It looks.."relativly" easy....or am I fooling myself?, the trickiest part seems to be getting the Amp Wire power wire from the battery into the cabin?

Have bought the stuff I liked, ordered the facia adapters ( comes with what they say needed connections to swap the HU out), speaker adapters for the front door cards etc.
 
Completely depends on the car, my Focus had a grommet directly behind the battery which was used for running the power into the cabin for example.
 
I think there is a grommet ( Fiesta Mk7) that has other cables running through it, I have seen another vid though where if that turns out to be tricky, you can hooky it via the Power side mirrors ports.
I guess it all depends how accessible it is.
 
Some people drill holes!

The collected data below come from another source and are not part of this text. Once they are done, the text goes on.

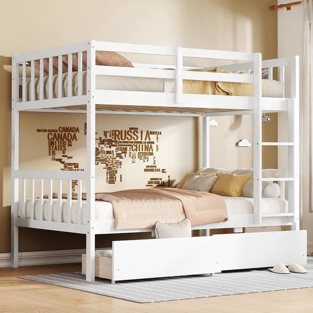 #3/ 1.1 [Safety and Quality Guaranteed]This bunk bed is crafted from quality rubber wood, plus the 13-slat upper and lower bed platforms, providing lasting sturdiness and durability. The high guardrails surrounding the upper bed will further prevent from accidental falling off the bed.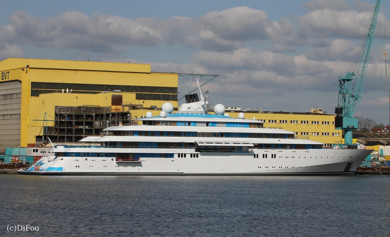 125m Lurssen Mega Yacht GOLDEN ODYSSEY (Project Tatiana) at the Lurssen shipyard in Germany on April 18, 2015 – Photo credit to DiFoo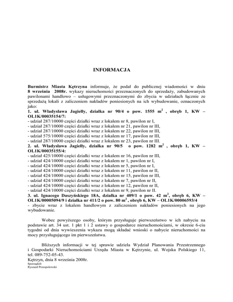INFORMACJA Burmistrz Miasta Kętrzyna informuje, Ŝe podał do publicznej wiadomości w dniu 8 września 2008r. wykazy nieruchomości przeznaczonych do sprzedaŜy, zabudowanych pawilonami handlowo – usługowymi przeznaczonymi do zbycia w udziałach łącznie ze sprzedaŜą lokali z zaliczeniem nakładów poniesionych na ich wybudowanie, oznaczonych jako: 1. ul. Władysława Jagiełły, działka nr 90/4 o pow. 1555 m2 , obręb 1, KW – OL1K/00035154/7: - udział 287/10000 części działki wraz z lokalem nr 8, pawilon nr I, - udział 287/10000 części działki wraz z lokalem nr 21, pawilon nr III, - udział 287/10000 części działki wraz z lokalem nr 22, pawilon nr III, - udział 575/10000 części działki wraz z lokalem nr 17, pawilon nr III, - udział 287/10000 części działki wraz z lokalem nr 23, pawilon nr III. 2. ul. Władysława Jagiełły, działka nr 90/5 o pow. 1282 m2 , obręb 1, KW – OL1K/00035155/4: - udział 425/10000 części działki wraz z lokalem nr 16, pawilon nr III, - udział 424/10000 części działki wraz z lokalem nr 1, pawilon nr I, - udział 424/10000 części działki wraz z lokalem nr 5, pawilon nr I, - udział 424/10000 części działki wraz z lokalem nr 11, pawilon nr II, - udział 424/10000 części działki wraz z lokalem nr 15, pawilon nr III, - udział 424/10000 części działki wraz z lokalem nr 7, pawilon nr II, - udział 424/10000 części działki wraz z lokalem nr 12, pawilon nr II, - udział 424/10000 części działki wraz z lokalem nr 9, pawilon nr II. 3. ul. Ignacego Daszyńskiego 18A, działka nr 409/1 o pow. 42 m2, obręb 6, KW – OL1K/00005094/9 i działka nr 411/2 o pow. 80 m2 , obręb 6, KW – OL1K/00006593/4 - zbycie wraz z lokalem handlowym z zaliczeniem nakładów poniesionych na jego wybudowanie. Wobec powyŜszego osoby, którym przysługuje pierwszeństwo w ich nabyciu na podstawie art. 34 ust. 1 pkt 1 i 2 ustawy o gospodarce nieruchomościami, w okresie 6-ciu tygodni od dnia wywieszenia wykazu mogą składać wnioski o nabycie nieruchomości na mocy przysługującego im pierwszeństwa. BliŜszych informacji w tej sprawie udziela Wydział Planowania Przestrzennego i Gospodarki Nieruchomościami Urzędu Miasta w Kętrzynie, ul. Wojska Polskiego 11, tel. 089-752-05-43. Kętrzyn, dnia 8 września 2008r. Sporządził: Ryszard Przespolewski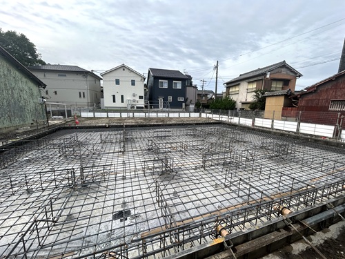 現在はまだ鉄筋の骨組みの状態ですが、この大切な基礎工事を一つひとつ丁寧に確認しながら進めています。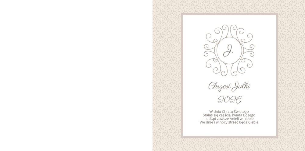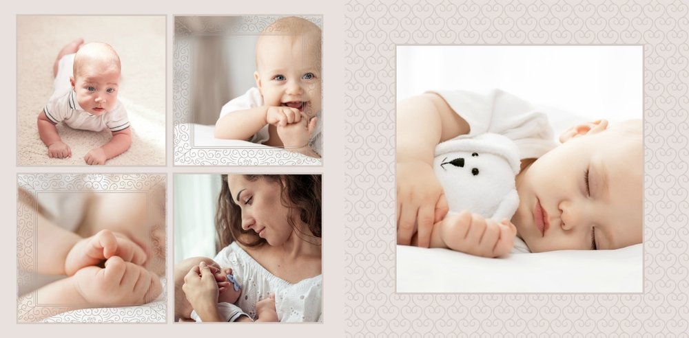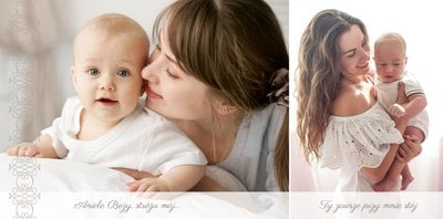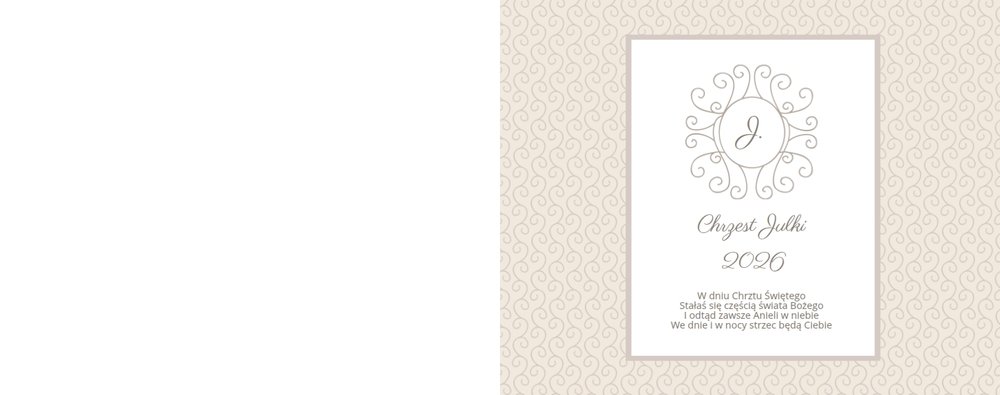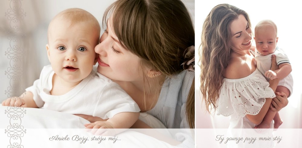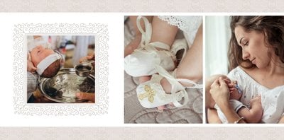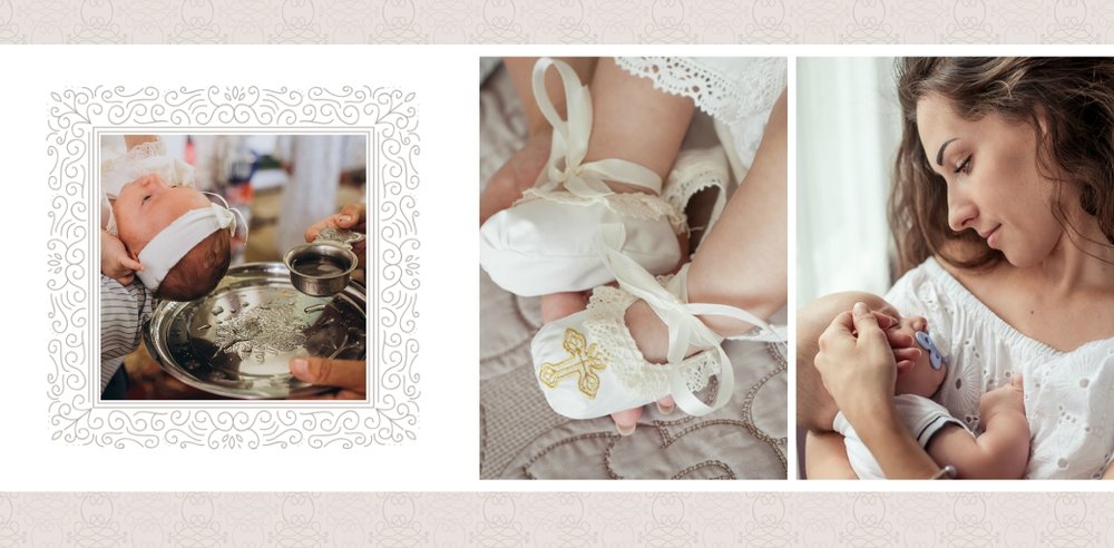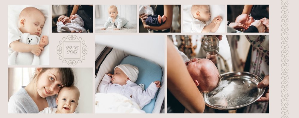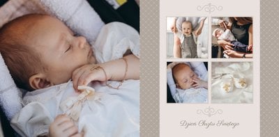 Szablon Chrzest dziecka idealnie sprawdzi się przy projektowaniu fotoksiążki dziecka upamiętniającej przyjęcie Sakramentu Chrztu Świętego. Beżowe tła idealnie skomponują się ze zdjęciami maleństwa, a dodatki w postaci ornamentów, ramek, wzorów i monogramów dodadzą projektowi elegancji. Szablon idealny na prezent dla Rodziców Chrzestnych oraz jako pamiątka Chrztu Świętego. Szablon Chrzest dziecka tworzy serię razem z szablonami Dzień Komunii Świętej oraz Dzień Ślubu.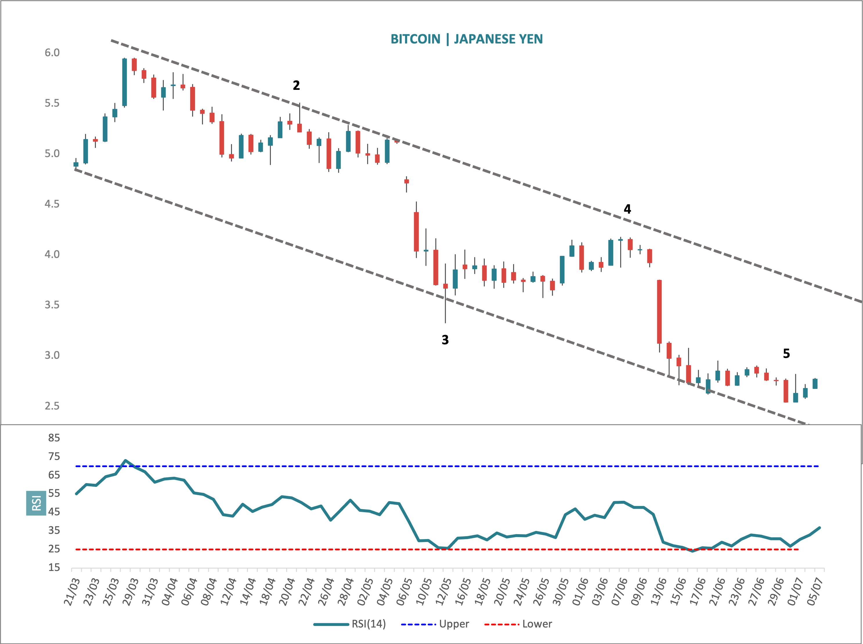 There is a clear 5 count with three swift pro-trend down waves 1, 3 and 5 and two non-overlapping countertrend waves 2 and 4. When we can count out five distinct waves and especially in a nice channel, we should start looking for the end of the move.. XBTJPY needs to confirm but let’s keep a sharp eye on it now.

I've never done so myself.

Getting the sub(s) secured properly is a must.

Removing interior panels can be fiddly, the securing clips can be flimsy.

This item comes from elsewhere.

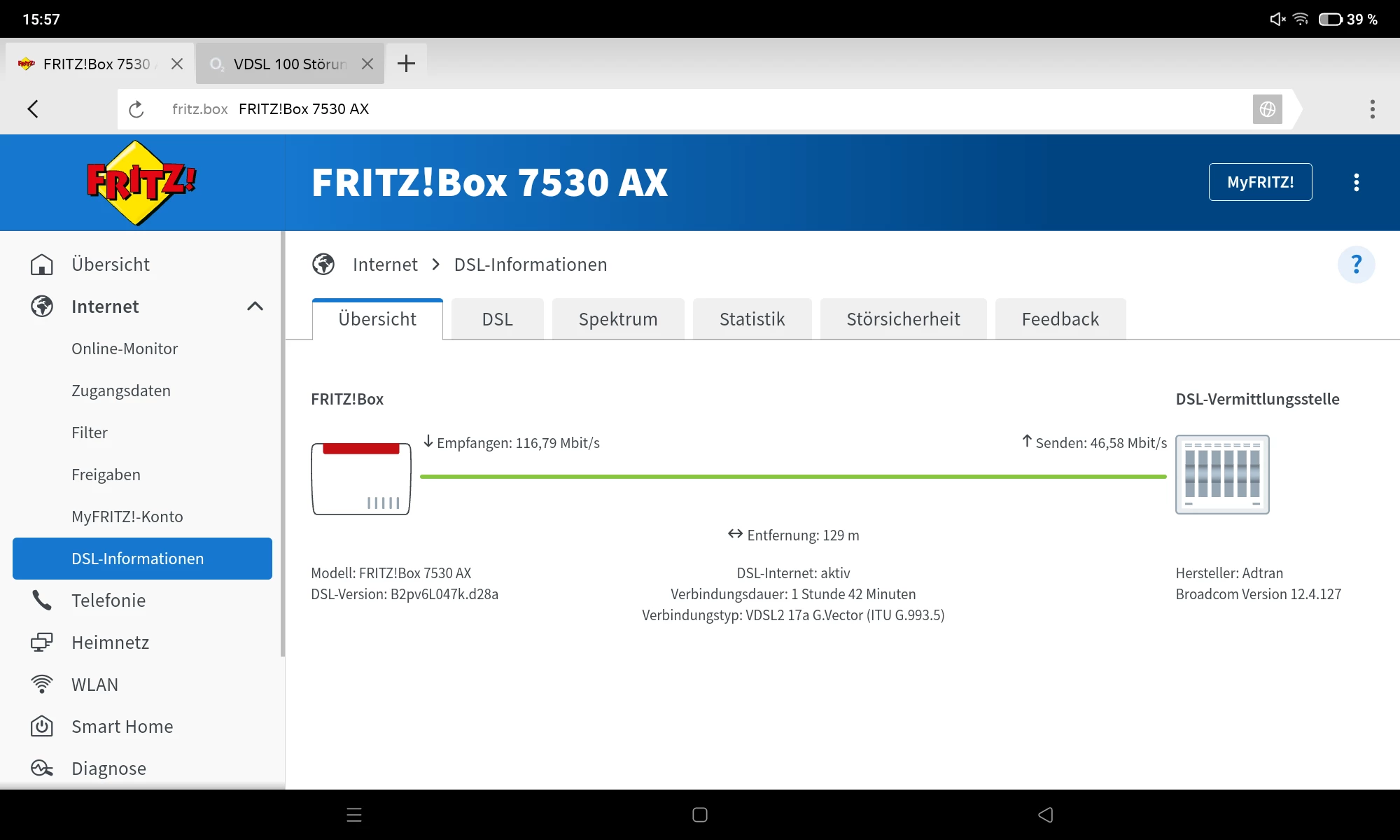 Ich vermute das der Fehler nicht im Haus zu suchen ist, sondern der Telekom MSAN in rund 100m Entfernung nicht einwandfrei funktioniert.

Reducing rattles might be a mission.
 
I have already trim removal tools so those will come in handy.
The Mk7 is pretty easy to take apart, was hoping to not HAVE to remove the back seats but will see.
WHen you say "securing the sub", how do you mean?..I ordered this.
http://www.caraudiodirect.co.uk/pioneer-pioneer-12-sub-amp-mosfet-1400-watt-deal
So teh Sub would be fitted into the box, the box just "sits" in the boot.

Also bought a good few sheets of sound deadening material.
 
It's generally easy, just expect to have lots of cuts on your hands and lots of left over screws and trim tabs :p
Ahhh, you jsut reminded me, meant to order those cloth finger like gloves ive seen guys use which I assume saves your fingers from that!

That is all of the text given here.